Collected data |
──────

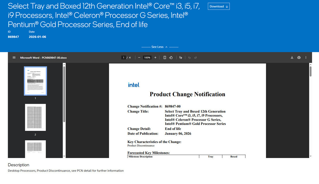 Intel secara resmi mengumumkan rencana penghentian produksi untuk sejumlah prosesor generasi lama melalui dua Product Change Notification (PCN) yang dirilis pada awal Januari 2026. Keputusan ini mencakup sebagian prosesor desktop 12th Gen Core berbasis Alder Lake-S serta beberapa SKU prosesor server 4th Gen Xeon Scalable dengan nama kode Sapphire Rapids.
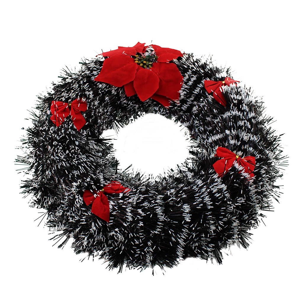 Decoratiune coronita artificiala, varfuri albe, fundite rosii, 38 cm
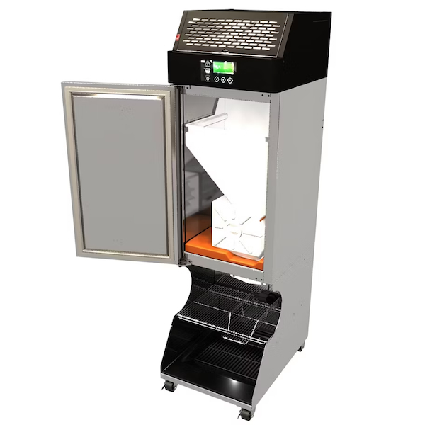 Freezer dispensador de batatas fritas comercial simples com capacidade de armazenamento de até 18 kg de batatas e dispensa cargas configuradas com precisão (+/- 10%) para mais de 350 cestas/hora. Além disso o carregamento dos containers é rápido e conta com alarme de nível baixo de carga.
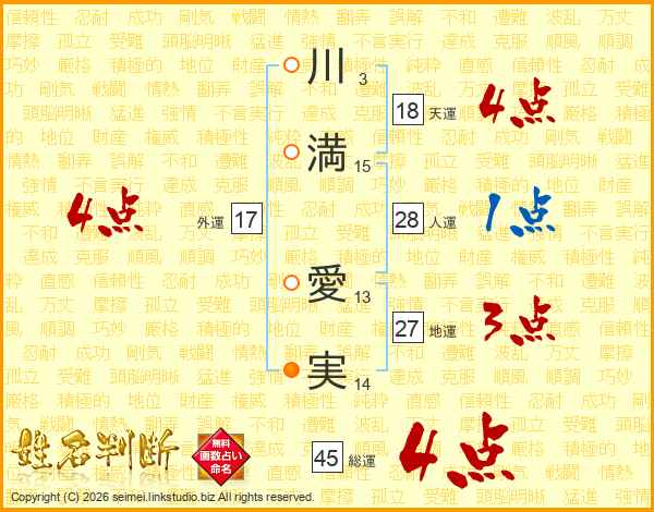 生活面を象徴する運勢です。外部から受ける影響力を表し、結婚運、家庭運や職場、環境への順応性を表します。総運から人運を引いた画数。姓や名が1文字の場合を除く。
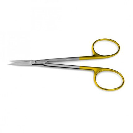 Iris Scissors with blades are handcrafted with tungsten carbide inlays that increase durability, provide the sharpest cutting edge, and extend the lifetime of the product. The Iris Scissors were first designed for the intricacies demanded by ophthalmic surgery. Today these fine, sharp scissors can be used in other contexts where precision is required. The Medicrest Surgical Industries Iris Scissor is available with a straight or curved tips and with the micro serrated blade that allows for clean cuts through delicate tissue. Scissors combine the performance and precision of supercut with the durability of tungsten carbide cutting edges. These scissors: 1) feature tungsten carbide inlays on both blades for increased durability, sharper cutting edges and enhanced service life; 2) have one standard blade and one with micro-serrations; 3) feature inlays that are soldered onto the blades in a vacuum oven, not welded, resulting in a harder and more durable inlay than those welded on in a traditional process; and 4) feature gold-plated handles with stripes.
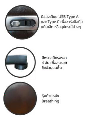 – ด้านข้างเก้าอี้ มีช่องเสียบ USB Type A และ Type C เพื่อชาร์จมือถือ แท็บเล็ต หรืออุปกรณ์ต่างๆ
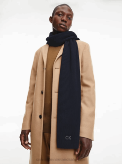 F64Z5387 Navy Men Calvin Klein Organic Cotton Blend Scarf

──────

Your instructions |
None of the pictures should appear, though every line of the data above must be reproduced exactly.

Answer for this exercise |
 Intel secara resmi mengumumkan rencana penghentian produksi untuk sejumlah prosesor generasi lama melalui dua Product Change Notification (PCN) yang dirilis pada awal Januari 2026. Keputusan ini mencakup sebagian prosesor desktop 12th Gen Core berbasis Alder Lake-S serta beberapa SKU prosesor server 4th Gen Xeon Scalable dengan nama kode Sapphire Rapids.
 Decoratiune coronita artificiala, varfuri albe, fundite rosii, 38 cm
 Freezer dispensador de batatas fritas comercial simples com capacidade de armazenamento de até 18 kg de batatas e dispensa cargas configuradas com precisão (+/- 10%) para mais de 350 cestas/hora. Além disso o carregamento dos containers é rápido e conta com alarme de nível baixo de carga.
 生活面を象徴する運勢です。外部から受ける影響力を表し、結婚運、家庭運や職場、環境への順応性を表します。総運から人運を引いた画数。姓や名が1文字の場合を除く。
 Iris Scissors with blades are handcrafted with tungsten carbide inlays that increase durability, provide the sharpest cutting edge, and extend the lifetime of the product. The Iris Scissors were first designed for the intricacies demanded by ophthalmic surgery. Today these fine, sharp scissors can be used in other contexts where precision is required. The Medicrest Surgical Industries Iris Scissor is available with a straight or curved tips and with the micro serrated blade that allows for clean cuts through delicate tissue. Scissors combine the performance and precision of supercut with the durability of tungsten carbide cutting edges. These scissors: 1) feature tungsten carbide inlays on both blades for increased durability, sharper cutting edges and enhanced service life; 2) have one standard blade and one with micro-serrations; 3) feature inlays that are soldered onto the blades in a vacuum oven, not welded, resulting in a harder and more durable inlay than those welded on in a traditional process; and 4) feature gold-plated handles with stripes.
 – ด้านข้างเก้าอี้ มีช่องเสียบ USB Type A และ Type C เพื่อชาร์จมือถือ แท็บเล็ต หรืออุปกรณ์ต่างๆ
 F64Z5387 Navy Men Calvin Klein Organic Cotton Blend Scarf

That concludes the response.